Work instruction: A picture-free, exact reproduction of the listing that follows is required.

Collected material:
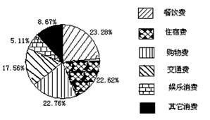 据2005年5月8日报道:今年“五一 黄金周期间,我市实现旅游收入再创历史新高,旅游消费呈现多样化,各项消费所占的比例如图秘所示,其中住宿消费为3438.24万元. 则餐饮消费为 万元 查看更多
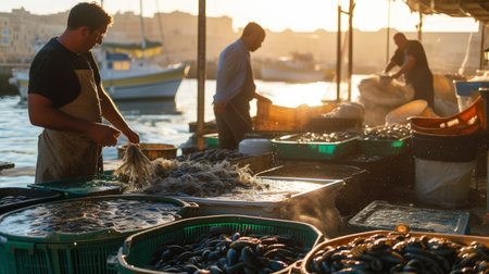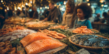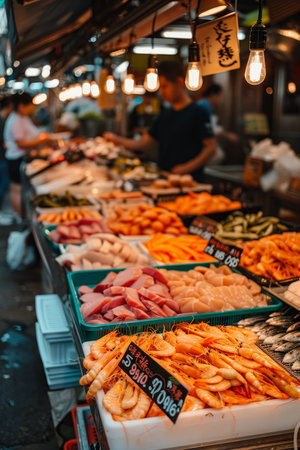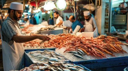 Fresh seafood market bustling with activity during the evening, showcasing a variety of fish and shellfish with warm lights
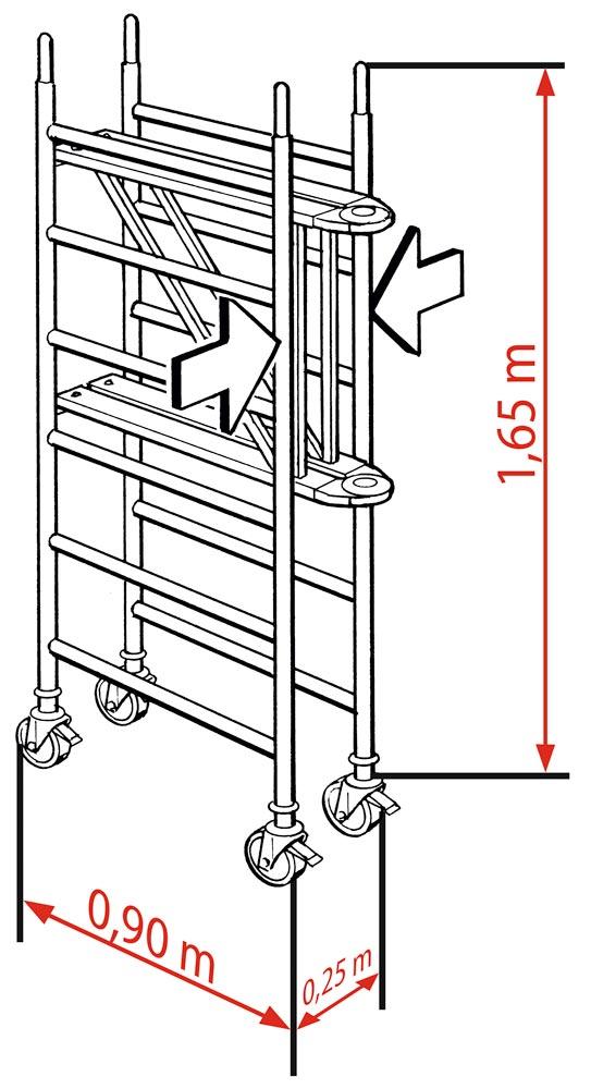 Fahrgerüst, klappbar, Arbeitsfläche 1900x650 mm, Standhöhe 800 mm, Gerüsthöhe 1800 mm
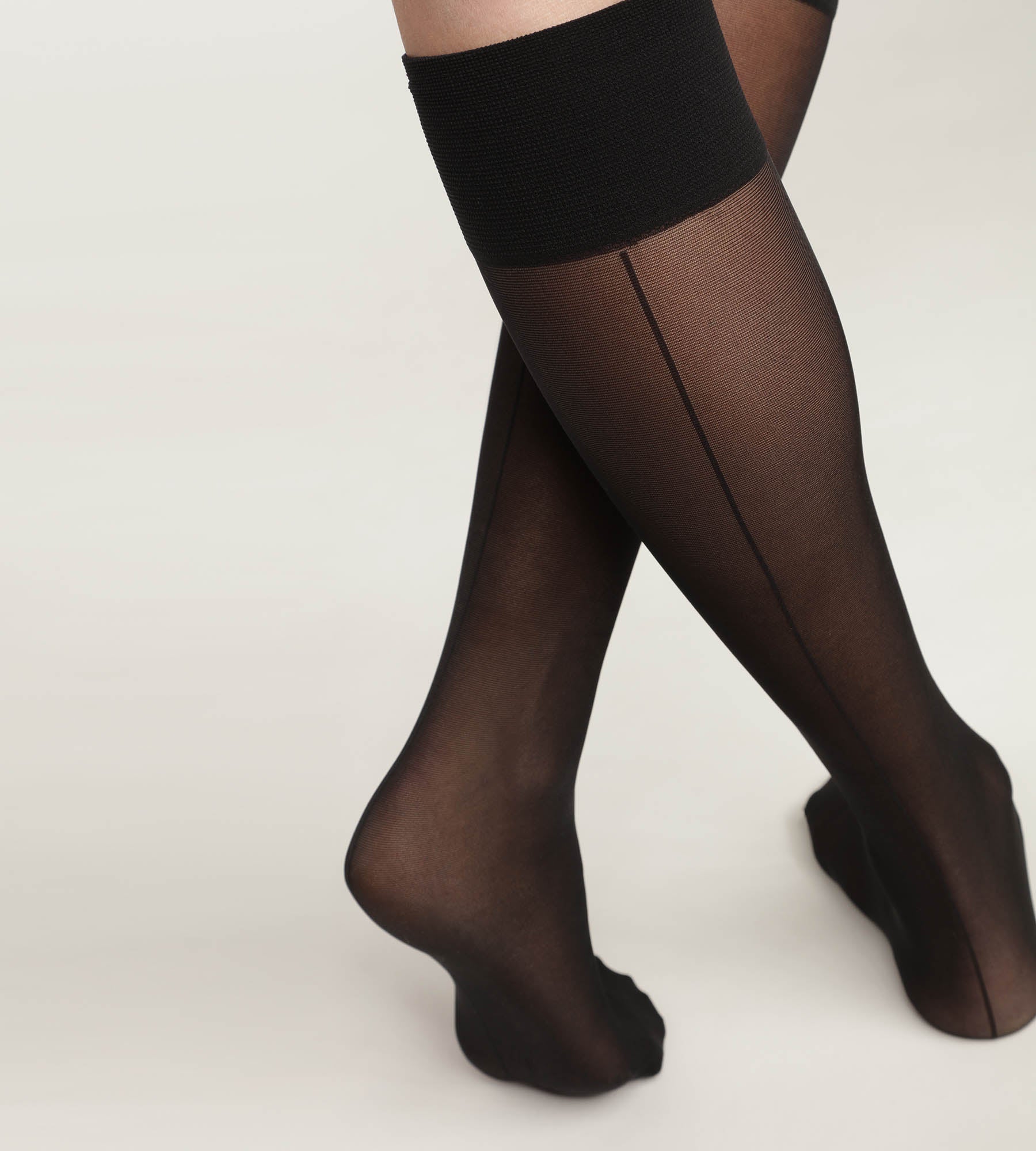 Fall for the couture style of Dim Style’s Black voile knee-highs with elegant vertical piping.

Written reply:
 据2005年5月8日报道:今年“五一 黄金周期间,我市实现旅游收入再创历史新高,旅游消费呈现多样化,各项消费所占的比例如图秘所示,其中住宿消费为3438.24万元. 则餐饮消费为 万元 查看更多
 Fresh seafood market bustling with activity during the evening, showcasing a variety of fish and shellfish with warm lights
 Fahrgerüst, klappbar, Arbeitsfläche 1900x650 mm, Standhöhe 800 mm, Gerüsthöhe 1800 mm
 Fall for the couture style of Dim Style’s Black voile knee-highs with elegant vertical piping.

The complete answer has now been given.